As financial statements and customer information move from ledger books and spreadsheets to databases and servers, cybersecurity plays an increasingly important role for a company. Fordham University alumnus and CLIP advisor Edward Stroz knows this well. As Executive Chairman of Stroz Friedberg, an international consulting firm with headquarters in New York that specializes in digital forensics, intelligence, and risk management, Stroz works regularly with businesses on cybersecurity issues.
Threats to a company’s digital infrastructure are naturally much different than those to its physical footprint. In online transactions, the robustness of the security system is more directly connected to customer behavior. For example, when a brick-and-mortar store is robbed, customers may be initially wary, but they will most likely return as patrons. If an online retailer suffers a data breach, consumers may be loath to use their credit cards at that site again, fearing that they may be putting their personal information at risk.
“Good security is connected to brand reputation,” says Stroz. “It’s really the first time that there’s a strong link between adequate security and the confidence of the consumer.”
Stroz’s firm provides comprehensive services for organizations, including forensic accounting, incident response, security, compliance, data discovery, and due diligence. His team includes former members of the CIA and FBI and former attorneys in the Department of Justice. Working together, they determine where their clients are digitally vulnerable and where they are being threatened by breaches.
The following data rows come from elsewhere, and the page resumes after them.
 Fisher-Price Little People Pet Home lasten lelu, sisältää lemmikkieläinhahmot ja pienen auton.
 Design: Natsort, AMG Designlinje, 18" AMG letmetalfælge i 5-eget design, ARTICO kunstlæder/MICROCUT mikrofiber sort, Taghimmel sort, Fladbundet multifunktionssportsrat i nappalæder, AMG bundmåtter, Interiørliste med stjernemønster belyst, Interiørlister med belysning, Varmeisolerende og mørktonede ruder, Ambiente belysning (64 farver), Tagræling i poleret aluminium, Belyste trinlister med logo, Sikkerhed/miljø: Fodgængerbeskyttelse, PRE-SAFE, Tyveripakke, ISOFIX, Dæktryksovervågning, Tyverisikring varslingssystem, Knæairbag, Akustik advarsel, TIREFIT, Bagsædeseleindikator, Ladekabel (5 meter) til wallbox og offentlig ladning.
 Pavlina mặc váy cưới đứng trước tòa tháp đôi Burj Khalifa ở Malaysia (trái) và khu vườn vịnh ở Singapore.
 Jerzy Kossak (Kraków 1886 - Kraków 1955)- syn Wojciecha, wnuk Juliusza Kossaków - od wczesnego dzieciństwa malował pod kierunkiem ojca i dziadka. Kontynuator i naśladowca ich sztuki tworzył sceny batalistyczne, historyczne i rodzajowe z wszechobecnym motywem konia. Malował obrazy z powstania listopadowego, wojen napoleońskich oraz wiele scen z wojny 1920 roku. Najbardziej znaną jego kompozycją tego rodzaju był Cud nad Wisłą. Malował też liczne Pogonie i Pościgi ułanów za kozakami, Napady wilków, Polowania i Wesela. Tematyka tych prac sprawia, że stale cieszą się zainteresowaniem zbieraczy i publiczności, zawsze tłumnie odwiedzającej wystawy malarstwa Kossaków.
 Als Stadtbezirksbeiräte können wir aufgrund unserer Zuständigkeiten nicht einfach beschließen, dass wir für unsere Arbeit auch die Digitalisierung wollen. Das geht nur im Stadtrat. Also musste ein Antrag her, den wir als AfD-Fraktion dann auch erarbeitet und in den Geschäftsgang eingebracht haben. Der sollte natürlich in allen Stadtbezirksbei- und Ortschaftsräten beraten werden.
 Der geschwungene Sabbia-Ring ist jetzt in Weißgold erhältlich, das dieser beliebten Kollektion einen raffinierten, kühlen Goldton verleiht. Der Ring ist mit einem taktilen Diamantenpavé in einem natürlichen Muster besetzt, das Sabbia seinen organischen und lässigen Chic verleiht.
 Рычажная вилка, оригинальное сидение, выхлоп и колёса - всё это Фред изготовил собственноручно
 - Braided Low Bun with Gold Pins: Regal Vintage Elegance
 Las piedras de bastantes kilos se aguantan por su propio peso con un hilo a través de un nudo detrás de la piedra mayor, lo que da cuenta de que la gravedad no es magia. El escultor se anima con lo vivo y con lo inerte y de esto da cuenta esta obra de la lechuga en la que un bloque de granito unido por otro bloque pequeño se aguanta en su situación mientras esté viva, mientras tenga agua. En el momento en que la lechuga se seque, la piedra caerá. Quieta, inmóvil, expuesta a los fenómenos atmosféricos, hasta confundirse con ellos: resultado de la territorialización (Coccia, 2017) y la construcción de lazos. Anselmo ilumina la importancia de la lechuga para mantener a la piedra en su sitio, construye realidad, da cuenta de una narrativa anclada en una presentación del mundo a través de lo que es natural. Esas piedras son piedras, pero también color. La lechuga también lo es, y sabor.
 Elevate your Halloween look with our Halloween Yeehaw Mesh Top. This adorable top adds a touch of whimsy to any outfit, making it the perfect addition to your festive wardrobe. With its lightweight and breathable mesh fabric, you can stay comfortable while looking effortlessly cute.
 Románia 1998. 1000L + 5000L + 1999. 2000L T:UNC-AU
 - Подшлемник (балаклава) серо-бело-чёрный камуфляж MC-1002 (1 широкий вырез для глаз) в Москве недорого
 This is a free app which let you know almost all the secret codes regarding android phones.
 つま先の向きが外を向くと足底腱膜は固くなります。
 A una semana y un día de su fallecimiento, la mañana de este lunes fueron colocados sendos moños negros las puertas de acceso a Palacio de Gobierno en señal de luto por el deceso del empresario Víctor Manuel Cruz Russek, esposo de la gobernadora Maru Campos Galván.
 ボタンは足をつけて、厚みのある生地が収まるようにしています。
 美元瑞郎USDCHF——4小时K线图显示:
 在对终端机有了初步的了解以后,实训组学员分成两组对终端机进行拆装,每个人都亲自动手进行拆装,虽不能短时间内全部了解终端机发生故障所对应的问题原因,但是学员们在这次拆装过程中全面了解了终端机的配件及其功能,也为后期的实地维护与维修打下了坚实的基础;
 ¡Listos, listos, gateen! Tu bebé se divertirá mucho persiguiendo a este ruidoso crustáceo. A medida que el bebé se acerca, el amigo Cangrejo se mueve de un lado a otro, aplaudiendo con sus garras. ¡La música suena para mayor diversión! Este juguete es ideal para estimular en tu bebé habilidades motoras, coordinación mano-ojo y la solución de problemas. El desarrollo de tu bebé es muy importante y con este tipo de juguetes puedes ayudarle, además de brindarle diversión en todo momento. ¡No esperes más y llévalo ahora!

National security really depends on how much you can invest in first-rate protection. –Edward Stroz
When it comes to protecting information at the government level, Stroz notes that technology resources play a crucial role. The United States utilizes a sophisticated dual system: the primary Internet, which the general public uses, and a separate network available only to the U.S. government, one that is not connected to the World Wide Web.
“Anything on the government system is harder to access than that on the public side,” says Stroz. “An attack will not disable the entire system.”
Some nations, however, do not have this dual-system capability, which presents troubling gaps in security.
“National security really depends on how much you can invest in first-rate protection,” he says.
As Reidenberg notes, the landscape of the world has changed considerably. The impact of cyber attacks is similar to the evolution of warfare centuries ago, where the battlefield changed when new technology was implemented. Geographical proximity and heavy artillery were often the prerequisites of war. Nowadays, an enemy can do major damage from thousands of miles away wielding nothing more than a laptop and a computer virus.
“Cybersecurity weapons are the new gunpowder of our era,” says Reidenberg. “And just think of the impact that gunpowder had on warfare centuries ago.”